* DATA FOR ANALYSIS:
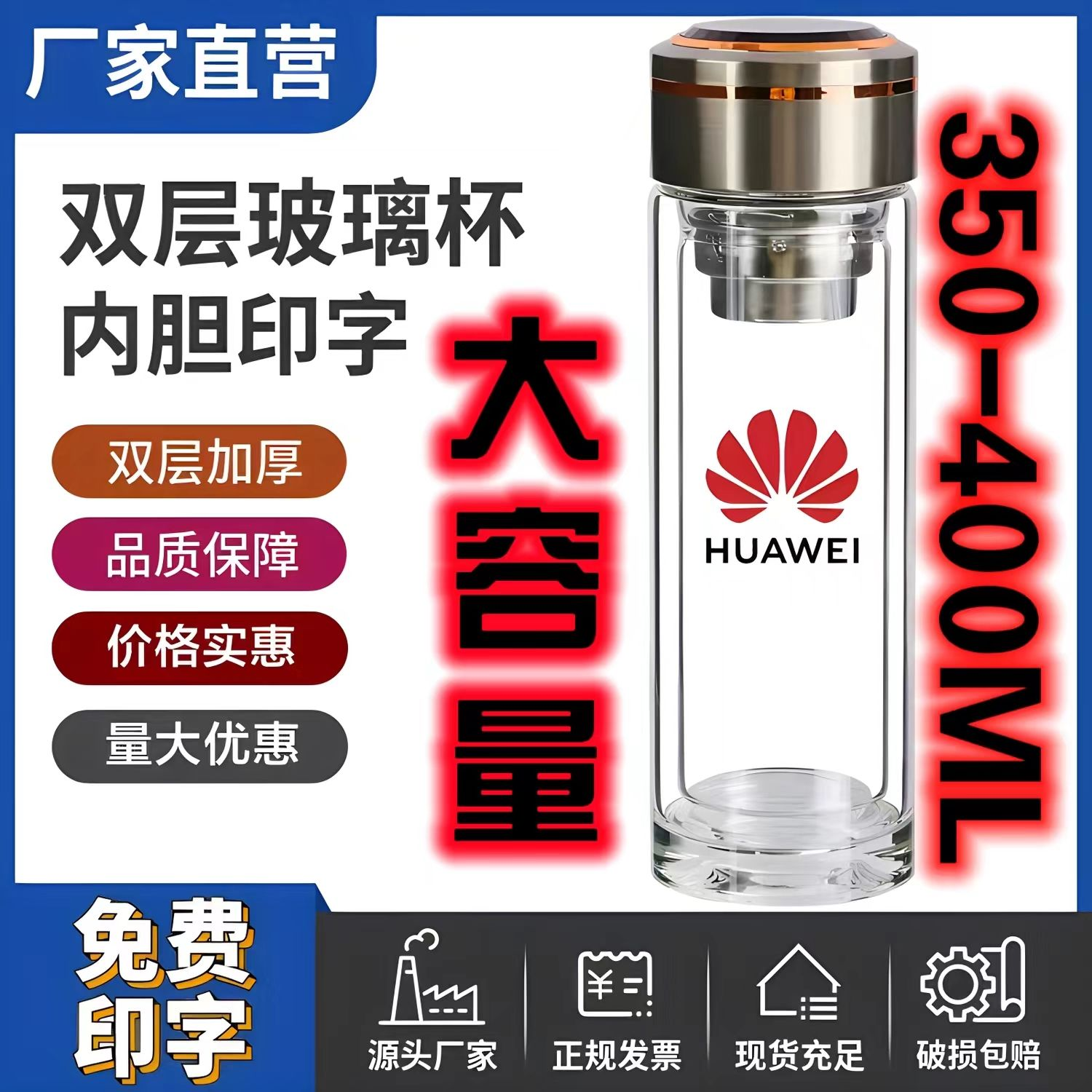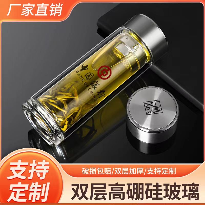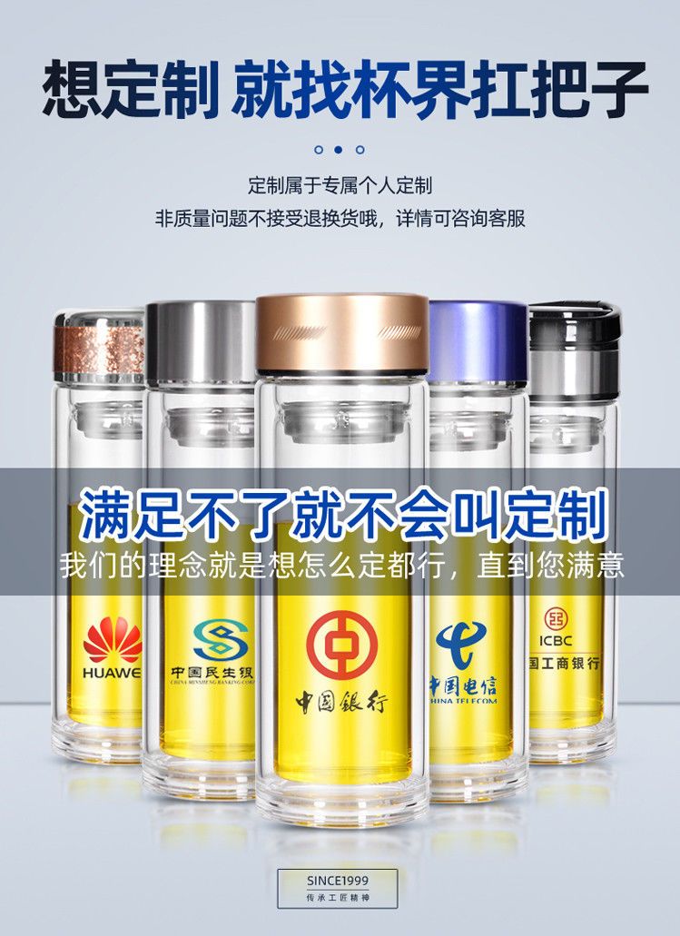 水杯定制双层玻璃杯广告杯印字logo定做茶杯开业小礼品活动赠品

* * *

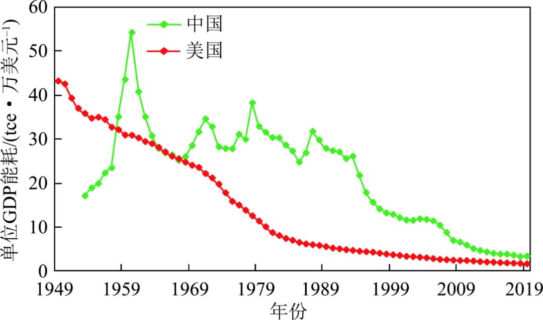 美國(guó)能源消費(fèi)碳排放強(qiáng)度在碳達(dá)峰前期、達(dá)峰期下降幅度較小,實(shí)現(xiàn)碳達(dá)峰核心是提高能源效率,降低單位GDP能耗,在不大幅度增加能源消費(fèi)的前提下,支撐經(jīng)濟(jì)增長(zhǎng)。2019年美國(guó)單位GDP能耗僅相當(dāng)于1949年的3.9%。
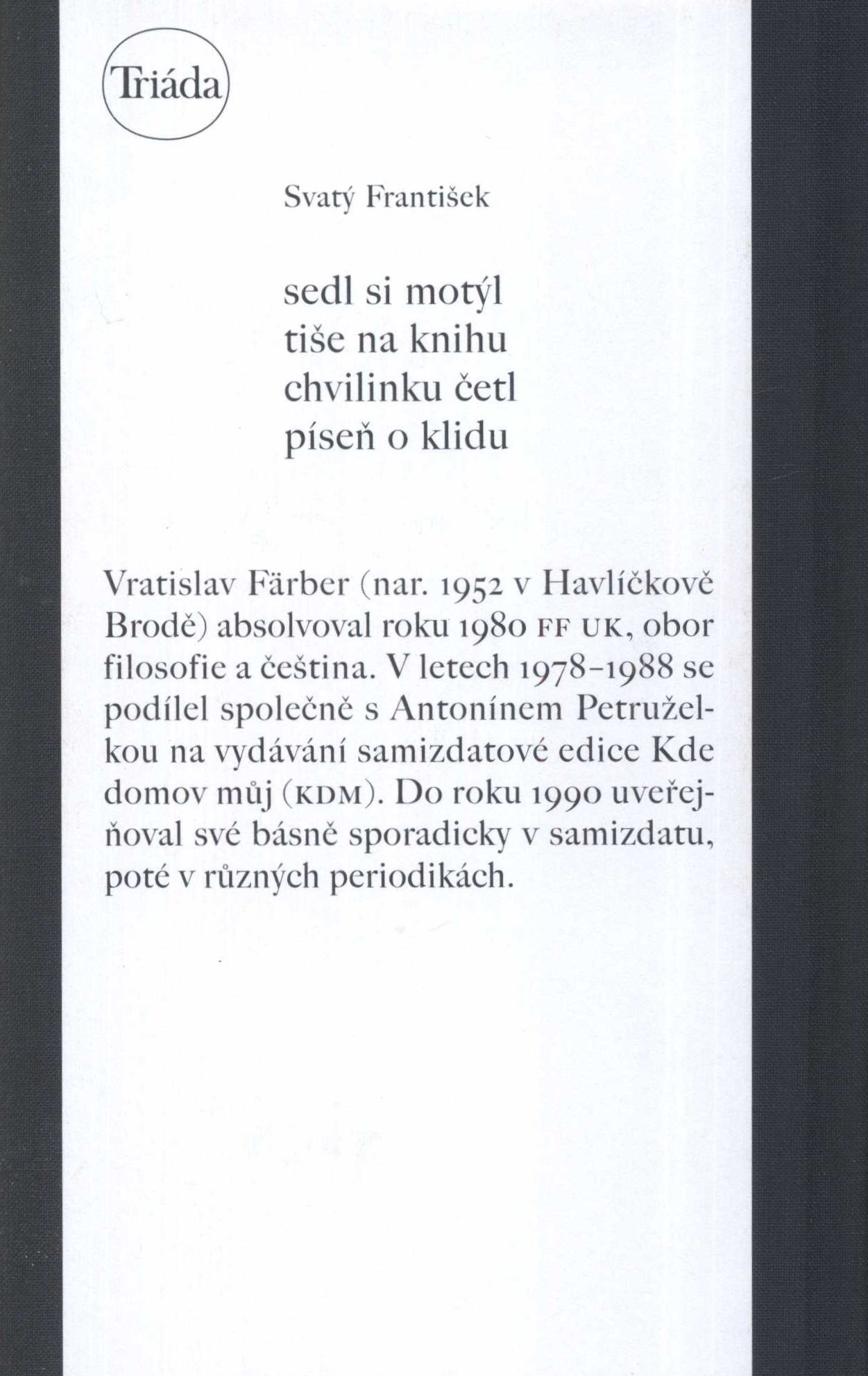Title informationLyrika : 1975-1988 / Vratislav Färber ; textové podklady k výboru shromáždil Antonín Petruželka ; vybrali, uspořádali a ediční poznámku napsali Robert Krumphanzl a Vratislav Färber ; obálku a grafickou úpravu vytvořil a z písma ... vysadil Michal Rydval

* * *

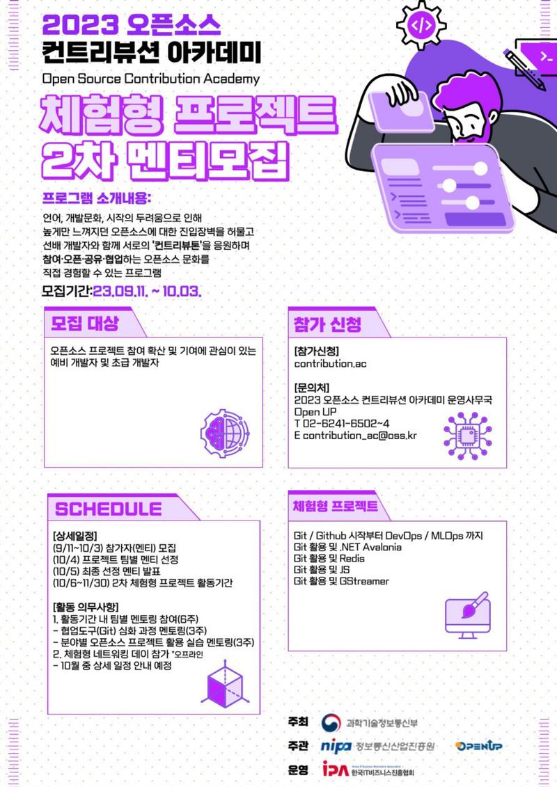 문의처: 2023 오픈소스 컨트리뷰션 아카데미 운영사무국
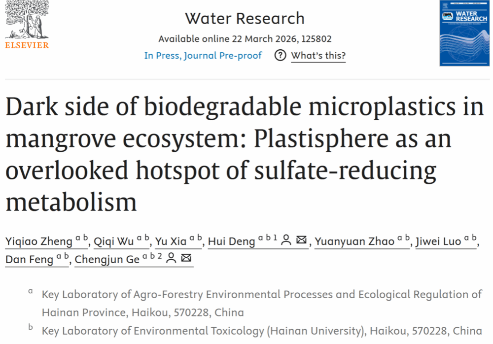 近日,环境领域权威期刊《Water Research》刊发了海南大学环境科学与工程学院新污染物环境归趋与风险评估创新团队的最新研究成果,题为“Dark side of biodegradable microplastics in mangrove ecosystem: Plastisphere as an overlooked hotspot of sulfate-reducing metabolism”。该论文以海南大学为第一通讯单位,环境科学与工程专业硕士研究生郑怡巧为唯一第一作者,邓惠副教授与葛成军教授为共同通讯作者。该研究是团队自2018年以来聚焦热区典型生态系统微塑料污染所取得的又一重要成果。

* ACTIVITY: Between and including the line with "美國(guó)能源消費(fè" and the line with "Title informationLyrika : 1975-1988", repeat every line exactly as it appears above, with pictures left out.

* RESPONSE AREA:
 美國(guó)能源消費(fèi)碳排放強(qiáng)度在碳達(dá)峰前期、達(dá)峰期下降幅度較小,實(shí)現(xiàn)碳達(dá)峰核心是提高能源效率,降低單位GDP能耗,在不大幅度增加能源消費(fèi)的前提下,支撐經(jīng)濟(jì)增長(zhǎng)。2019年美國(guó)單位GDP能耗僅相當(dāng)于1949年的3.9%。
Title informationLyrika : 1975-1988 / Vratislav Färber ; textové podklady k výboru shromáždil Antonín Petruželka ; vybrali, uspořádali a ediční poznámku napsali Robert Krumphanzl a Vratislav Färber ; obálku a grafickou úpravu vytvořil a z písma ... vysadil Michal Rydval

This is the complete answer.